Kankelibranchus incognitus

Scientific classification
- Domain: Eukaryota
- Kingdom: Animalia
- Phylum: Mollusca
- Class: Gastropoda
- Order: Nudibranchia
- Superfamily: Polyceroidea
- Family: Polyceridae
- Genus: Kankelibranchus
- Species: K. incognitus
- Binomial name: Kankelibranchus incognitus Ortea, Espinosa & Caballer, 2005
- Synonyms: Polycera incognita (Ortea, Espinosa & Caballer, 2005) ;

= Kankelibranchus incognitus =

- Genus: Kankelibranchus
- Species: incognitus
- Authority: Ortea, Espinosa & Caballer, 2005

Species of gastropod

Kankelibranchus incognitus is a species of sea slug, a nudibranch, a shell-less marine gastropod mollusc in the family Polyceridae.

==Distribution==
This species was described from Cuba.

==Description==
The living animals are of a striking orange colour with small black dots all over the body, sometimes grouped in small patches in front of the gills.
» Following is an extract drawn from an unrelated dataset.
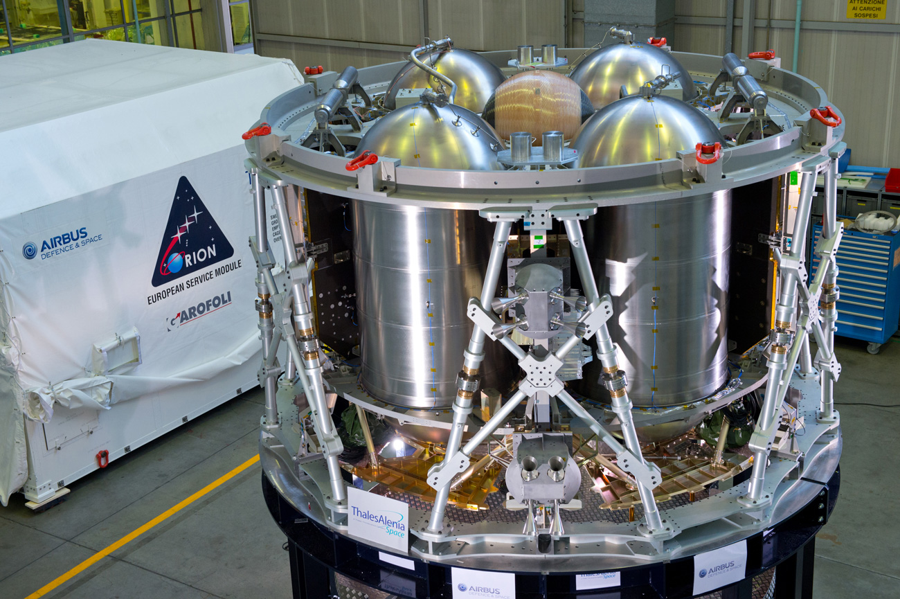 Structural test article for the Orion Service Module, assembled by Airbus Defence and Space on behalf of ESA, ready for delivery to NASA in November 2015 ORIGINAL IMAGE DESCRIPTION: The structural test article of the European service module for Orion is being assembled at Airbus Defence and Space. Airbus is building the module, which will supply the spacecraft’s power, in-space propulsion and air and water for the crew, on behalf of ESA (European Space Agency) for Orion. The STA is being transported to Glenn Research Center's Plum Brook station for testing. Credits: NASA

The gills, papillae and all of the elevated structures of the body are pale yellow. There are long branched processes on the oral veil, in addition to simple papilla. On the flanks and below the rim of the mantle there are also branched processes and buds of unequal sizes, with the largest reaching the height of the gills; these branched processes continue on the tail and on the sides of the body. The rhinophores are orange, with the stem and the lamellae of rugged aspect and an apical mucron very apparent, with up to 12 lamellae in the 7 mm animal. Eyes located well behind the rhinophores. Gills formed by five unipinnate leaves of a pale yellow colour; the anus is situated posterior to the gill. Genital opening on the right side, to the height of the anterior third of the body. Anterior edge of the foot bilabiate, with the angles rounded. Sole of the foot yellowish, with a tiny black dot.